PulseDB_MIMIC.zip, PulseDB_MIMIC.zip.001, PulseDB_MIMIC.zip.002, PulseDB_MIMIC.zip.003, PulseDB_MIMIC.zip.004 , PulseDB_MIMIC.zip.005, PulseDB_MIMIC.zip.006, PulseDB_MIMIC.zip.007, PulseDB_MIMIC.zip.008, PulseDB_MIMIC.zip.009, PulseDB_MIMIC.zip.010, PulseDB_MIMIC.zip.011, PulseDB_MIMIC.zip.012, PulseDB_MIMIC.zip.013, and PulseDB_MIMIC.zip.014, are data derived from the MIMIC-III Waveform Database Matched Subset: https://physionet.org/content/mimic3wdb-matched/1.0/
These files are made available under the Open Database License (ODbL): http://opendatacommons.org/licenses/odbl/1.0/. Any rights in individual contents of the database are licensed under the Database Contents License: http://opendatacommons.org/licenses/dbcl/1.0/
Refer to LICENSE_PulseDB_MIMIC for details.

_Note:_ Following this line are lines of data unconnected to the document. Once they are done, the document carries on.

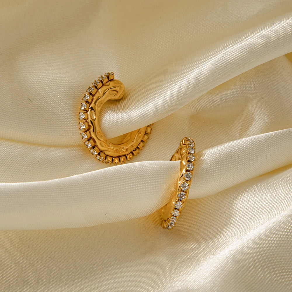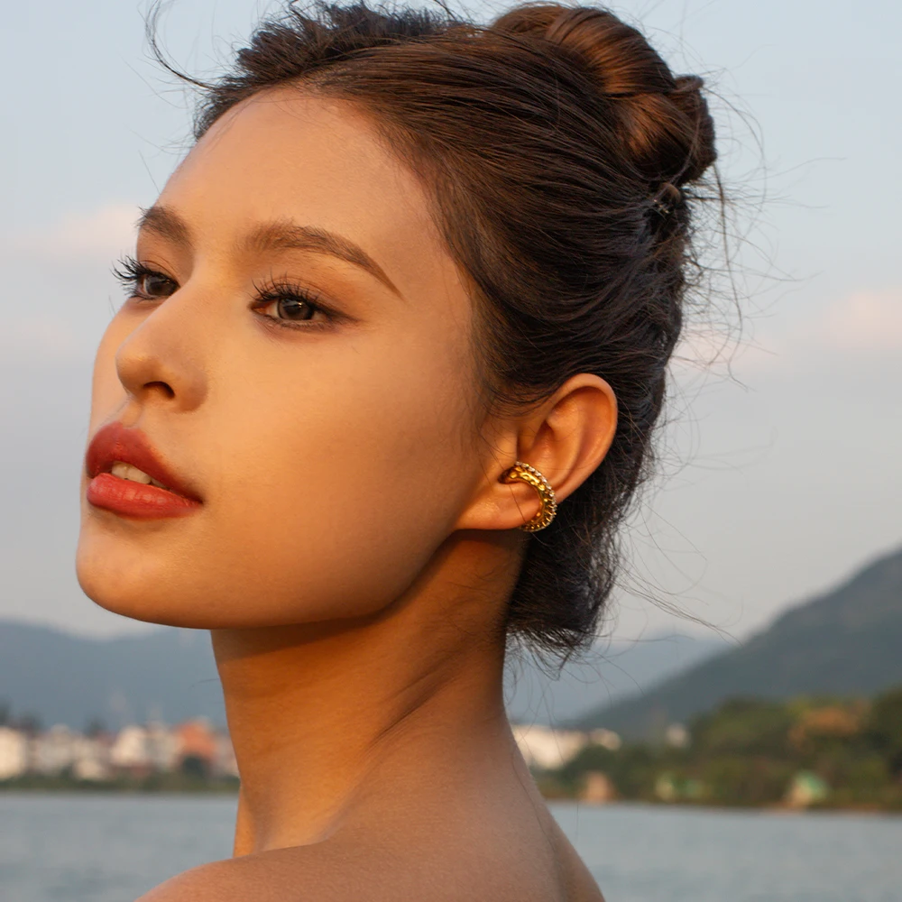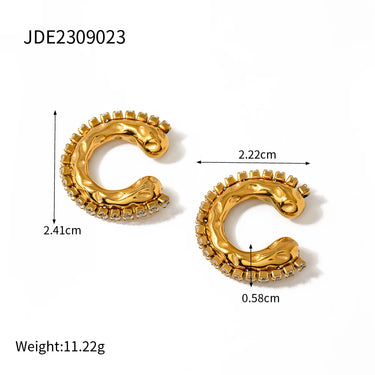 Acero inoxidable chapado en oro de 18K martillo en forma de C con incrustación de grano y clip de sujeción con taladro de circonita a prueba de deslustre joyería ligera de lujo para mujer
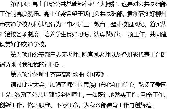 公共基础部庆祝新中国成立70周年 暨2019-2020学年秋季学期开学德育工作大会
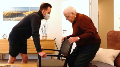 Unsere Mitarbeiter der internen ambulanten Ergotherapie bieten exklusiv den Bewohnerinnen und Bewohnern der Hausgemeinschaften ein fein abgestimmtes Programm zur Mobilisierung und individuellen Motivation.
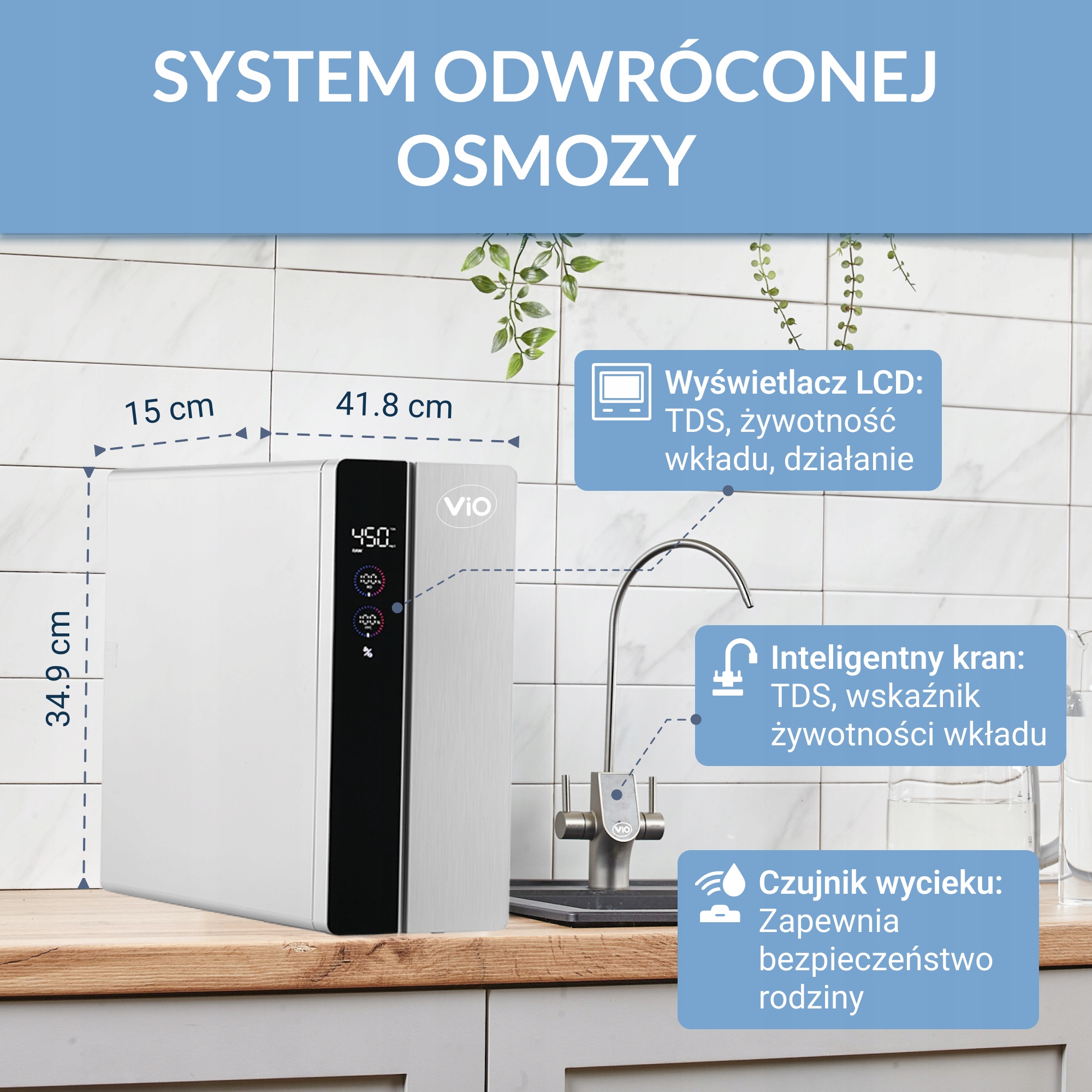 Vio BP-D800G-це інтелектуальна система фільтрації води з перевернутою технологією осмосу, яка забезпечує кристально чисту та смачну воду для всієї родини. Завдяки 4-ступінчастому фільтрації, високій продуктивності (2,1 л/хв) та інтелектуальній функції моніторингу TDS, ця система є ідеальним рішенням для сучасного будинку. Легка заміна фільтрів, чіткий дисплей та елегантний дизайн роблять Vio BP-D800G найкращим вибором для всіх, хто цінує чисту воду щодня.
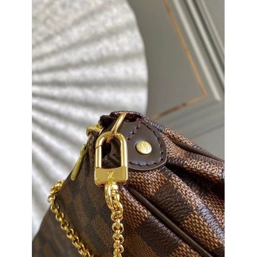 The versatile Pochette Favorite MM looks delightful in Damier Ebène canvas. Its pure, feminine shape..
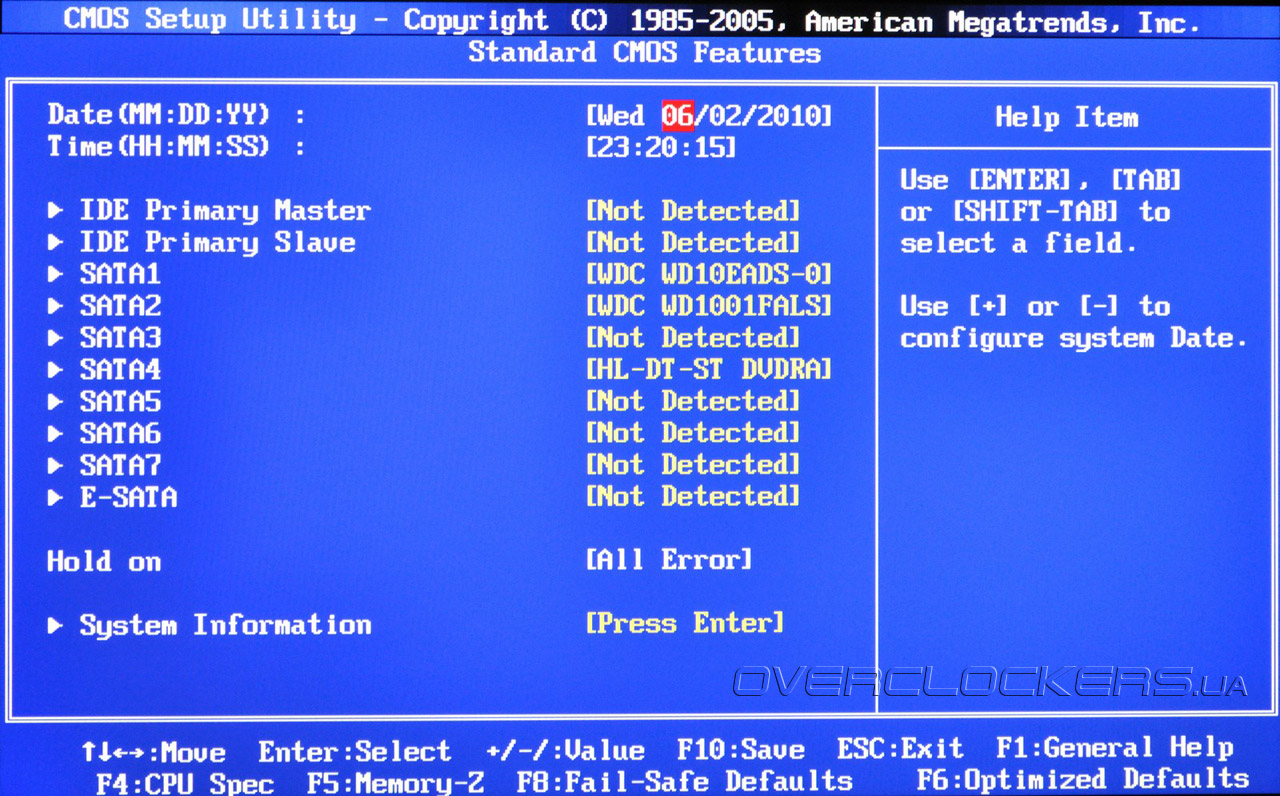 Раздел Standard CMOS Features позволяет настроить дату/время, просмотреть информацию о системе, а также настроить некоторые параметры накопителей.
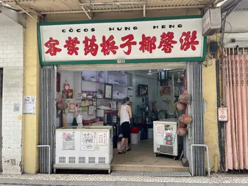 在澳門舊區,真的有唔少老店,服務了澳門百幾年,做了好幾代人。有些,可能不是太出名,默默地繼續他們的家族生意。有的,因為有追上了時尚的新產品,再加上後人懂得宣傳或得到澳門旅遊局的加持,當然還有各大小社交媒體的加持,而變成今時今日的人氣好店。這次澳門行,我專程帶小朋友來的《洪馨椰子梹蒟發客》就是其中的一間人氣百年老店。大家為的,是店主自製的鮮椰子雪糕。據說,這《洪馨椰子梹蒟發客》早在清朝時代已經開業,至今已經是第四代人在經營。此店,如其名,本身是一間專門進口馬來西亞的椰子專賣店,"槟" 指的是檳榔,而"蒟" 指的是青蒟,是一種馬來西亞產的草藥。而 "發客" 的意思就是批發商。而《洪馨椰子》,主打的,始終是椰子。在80年代,因為鮮椰子的銷售不理想,店老闆就把新鮮的椰子製成雪糕,自此,《洪馨椰子》就變成了澳門的雪糕名店。而且,老闆堅持新鮮製作,賣完有就關門,所以一定要早上去。《洪馨》的椰子雪糕,有著濃濃的椰子香味。入口很冰凍,也很滑。因為是純椰子汁的關係,吃起來沒有奶味,也沒有太多奶的口感,是完美的椰子汁味。口感,其實像雪葩,入口很是清新,而濃濃的椰子香,就是這東西吸引人之處。值得來朝聖,尤其現在附近的關前正街,關前後街變成了旅遊景點,來找這《洪馨椰子梹蒟發客》也不用很專程過來。只是一大班遊客企係那窄窄的路邊食雪糕及其製作的其他產品,感覺有少少危險姐。身為一名遊客,這椰子雪糕,係值得來試下既。
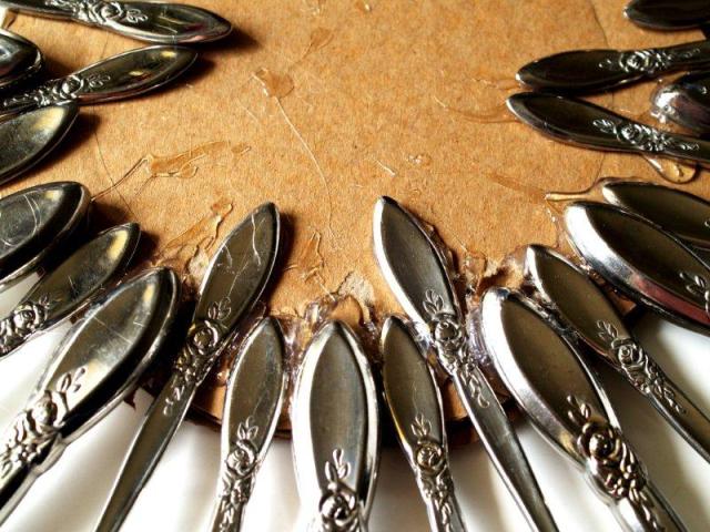 Прикладываем к картону столовые приборы, чтобы прикинуть конечный результат. Расположить приборы можно как в строгом порядке, чередуя по очереди вилки, ложки и ножи, так и в произвольном – на ваше усмотрение.
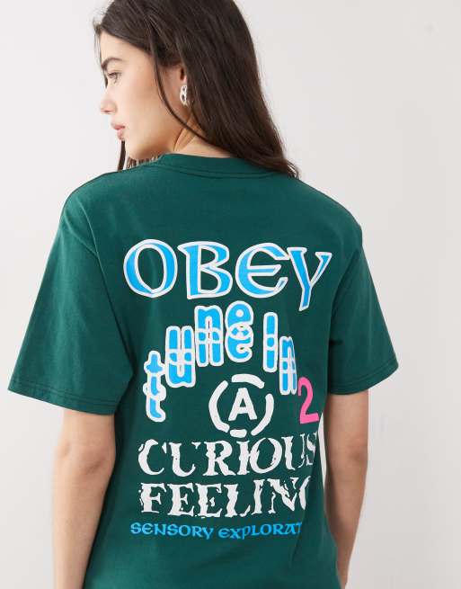 Obey – Ciemnozielony T-shirt z logo i grafiką Sensory na plecach

PulseDB_Vital.zip, PulseDB_Vital.zip.001, PulseDB_Vital.zip.002, PulseDB_Vital.zip.003, PulseDB_Vital.zip.004, PulseDB_Vital.zip.005, PulseDB_Vital.zip.006, PulseDB_Vital.zip.007, and PulseDB_Vital.zip.008, are data derived from the VitalDB dataset: https://vitaldb.net/dataset/
These files are made available under the Attribution-NonCommercial-ShareAlike 4.0 International (CC BY-NC-SA 4.0) License: https://creativecommons.org/licenses/by-nc-sa/4.0/
Refer to LICENSE_PulseDB_Vital for details.
PulseDB_Info.mat, Train_Info.mat, CalBased_Test_Info.mat, CalFree_Test_Info.mat, AAMI_Test_Info.mat, AAMI_Cal_Info.mat, VitalDB_Train_Info.mat, VitalDB_CalBased_Test_Info.mat, VitalDB_CalFree_Test_Info.mat, VitalDB_AAMI_Test_Info.mat, VitalDB_AAMI_Cal_Info.mat, and Generate_Subsets.m, are information regarding to generation of the Training, Calibration, and Testing Subsets of PulseDB
These files are made available under the Attribution-NonCommercial-ShareAlike 4.0 International (CC BY-NC-SA 4.0) License: https://creativecommons.org/licenses/by-nc-sa/4.0/
Refer to LICENSE_PulseDB_Info for details.